Am I doing this wrong?
-kl2
After a few hours of head scratching, I finally think I have it figured out. The "From" amplitude on every fade needs to be 100. If you are increasing the amplitude, the "To" amplitude is maximum / from * to.
So if you're trying to go from 20 to 100, it's 100 / 20 * 100 or 500. If you're trying to get to 120: 100 / 20 * 120 or 600. I assume this all makes perfect sense to someone, but I was perfectly stumped.
The working example (with a slightly higher bottom range in the middle to demonstrate):
ecasound -a:1 -i tone.wav \
-ea:100 -kl2:1,100,20,2,1 \
-ea:100 -kl2:1,100,500,4,1 \
-ea:100 -kl2:1,100,40,6,1 \
-ea:100 -kl2:1,100,250,8,1 \
-ea:100 -kl2:1,100,20,10,1 \
-ea:100 -kl2:1,100,500,12,1 \
-ea:100 -kl2:1,100,0,14,1 \
-a:all -o:test_7.mp3
And the output:
Keep in mind that these amplitudes are still relative.
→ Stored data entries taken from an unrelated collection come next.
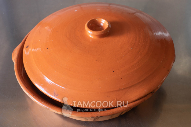 Общее время приготовления курицы в горшке - около трёх часов. Крышку горшка следует слегка сдвинуть. Горшок устанавливается в холодную духовку, после чего выбирается температурный режим 200°С. Три часа отсчитываются с момента включения духовки.
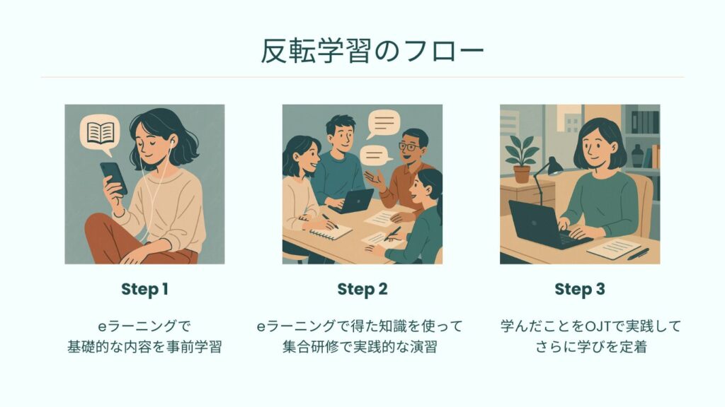 具体的には、知識のインプット(基礎学習)をeラーニングで事前に行い、集合研修ではその知識を応用したディスカッションやグループワーク、実践演習に時間を集中させるというものです。
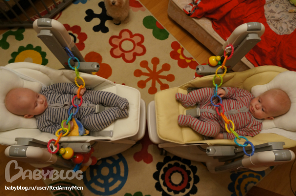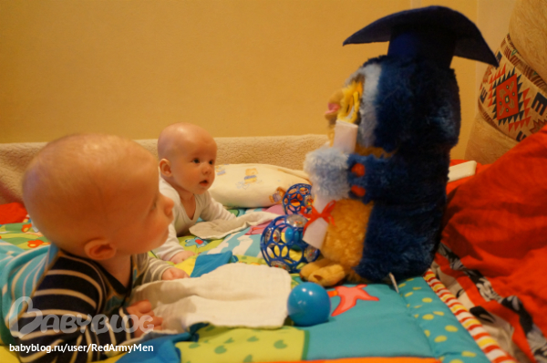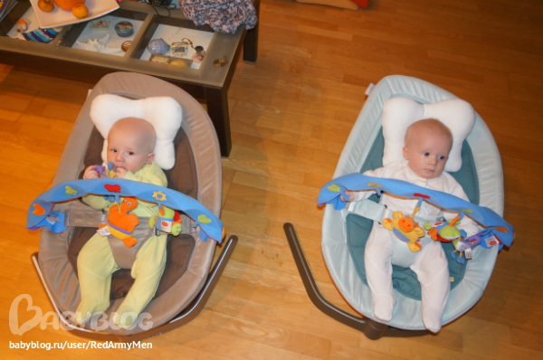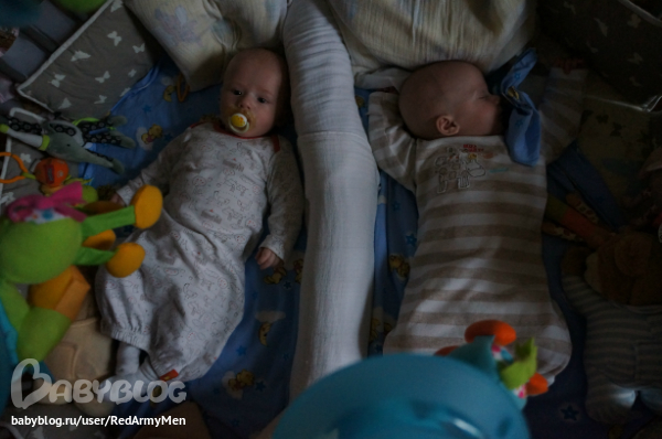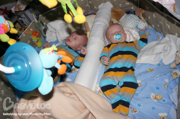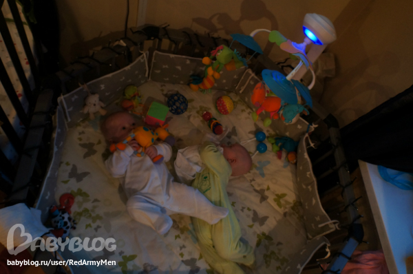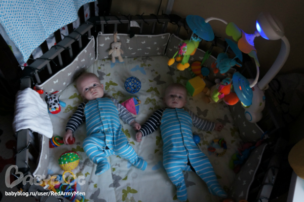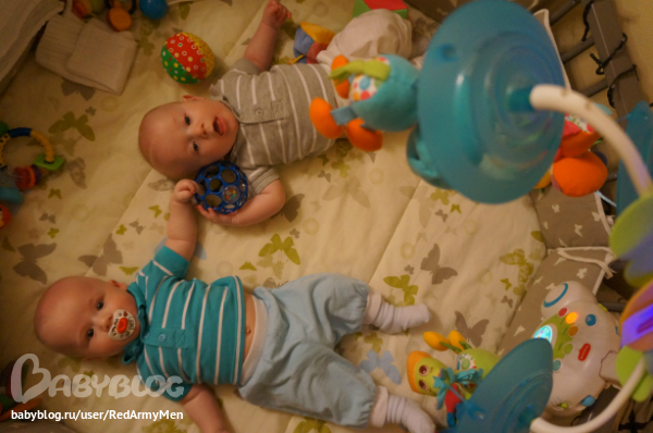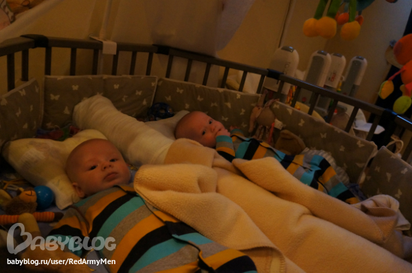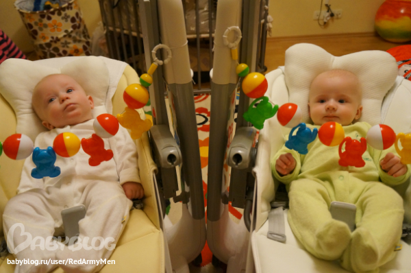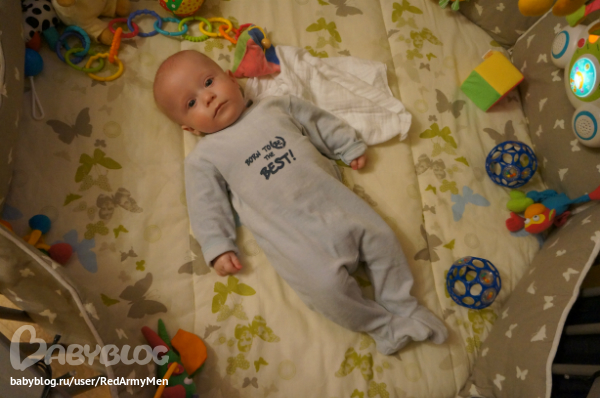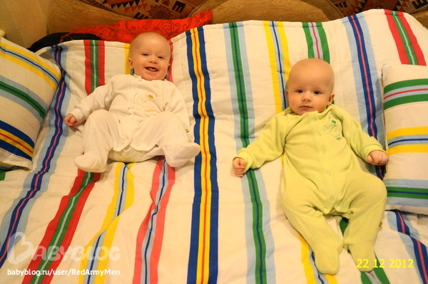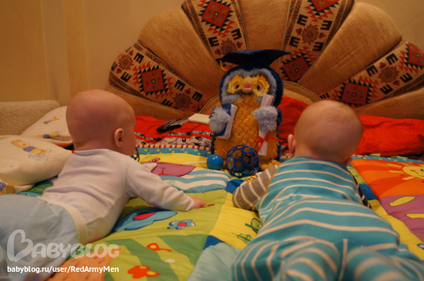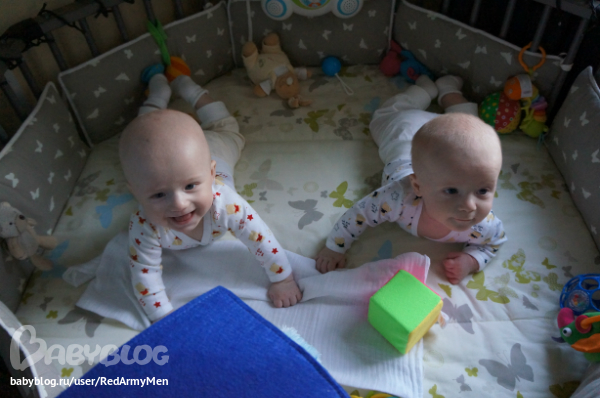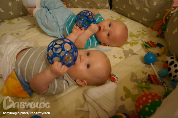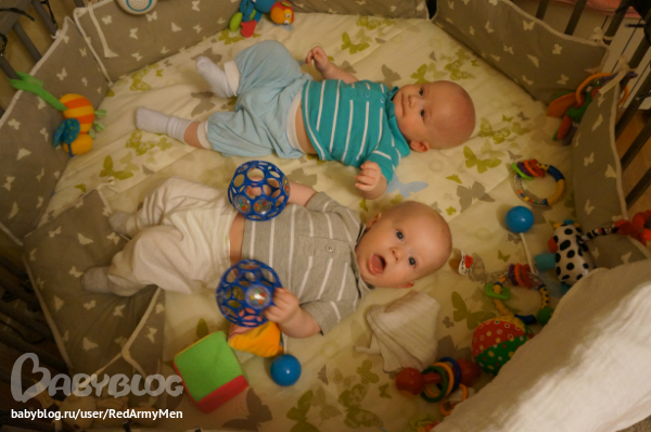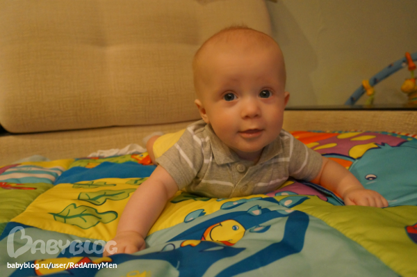 Стали потихоньку вводить прикорм и два раза в день кушаем кашки (гречневую, рисовую и кукурузную). Тетя врач сказала что скоро нам дадут попробовать овощное пюре, ждем не дождемся)) Кушать стали больше, мы ж растем и теперь два или три кормления кушаем по 210 гр в остальные разы по 175гр. Мы вроде бы и не толстенькие, поэтому можно и побольше кушать))) А еще к нам ходит дядя Сережа, он нас массажирует. Нам очень нравится, после массажа дрыхнем по 3-4 часа без силенок. Потихоньку учимся переворачиваться, у нас иногда получается)) Теперь мы больше любим проводить время на животиках и пытаться ползать)) У Ваньки например получается ползти назад, а у Мишки крутиться на животе))) Ничего скоро поползем, не догоните)))

If you're going from 45% to 90%: 100 / 45 * 90 = 200, and then now if you drop to 20% of the current amplitude, it's actually 18% (.20 * 90), so going back to 100 would be 100 / 18 * 100 = 555.56
-klg
Just as I figured this out, and came here to post, I received a response from the ecasound mailing list. It's not a direct answer to the kl2 issue, but offers an alternative, easier-on-the-brain answer, which is the klg parameter.
-klg:fx-param,low-value,high-value,point_count,pos1,value1,...,posN,valueN
Generic linear envelope. This controller source can be used to map
custom envelopes to chain operator parameters. Number of envelope
points is specified in 'point_count'. Each envelope point consists of
a position and a matching value. Number of pairs must match
'point_count' (i.e. 'N==point_count'). The 'posX' parameters are given
as seconds (from start of the stream). The envelope points are
specified as float values in range '[0,1]'. Before envelope values are
mapped to operator parameters, they are mapped to the target range of
'[low-value,high-value]'. E.g. a value of '0' will set operator
parameter to 'low-value' and a value of '1' will set it to
'high-value'. For the initial segment '[0,pos1]', the envelope will
output value of 'value1' (e.g. 'low-value').
Here's the command to do what I need using klg instead of kl2:
ecasound -a:1 -i:tone.wav -ea:100 \
-klg:1,0,100,14,2,1,3,0.20,4,0.20,5,1,6,1,7,0.40,8,0.40,9,1,10,1,11,0.20,12,0.20,13,1,14,1,15,0 \
-o:test.mp3
The output is exactly the same as the 2nd track on the image.
This resulting command line is definitely a bit harder to read and hence debug, but may actually be easier to generate dynamically. Regardless, I now have 2 working options to resolve this problem.
And finally, here are my notes for how I figured out the coordinates of the klg command. The asterisks are the "points" which are listed in the klg parameter, the numbers at the top are seconds:
0 0 0 0 0 0 0 0 0 1 1 1 1 1 1 1 1 1 1 2
1 2 3 4 5 6 7 8 9 0 1 2 3 4 5 6 7 8 9 0
1.0 --* *-* *-* *-*
~ \ / \._./ \ / \
0.2 *-* *-* \
0.0 *----------
I hope this helps someone save at least the amount of hair that i've lost scratching my head.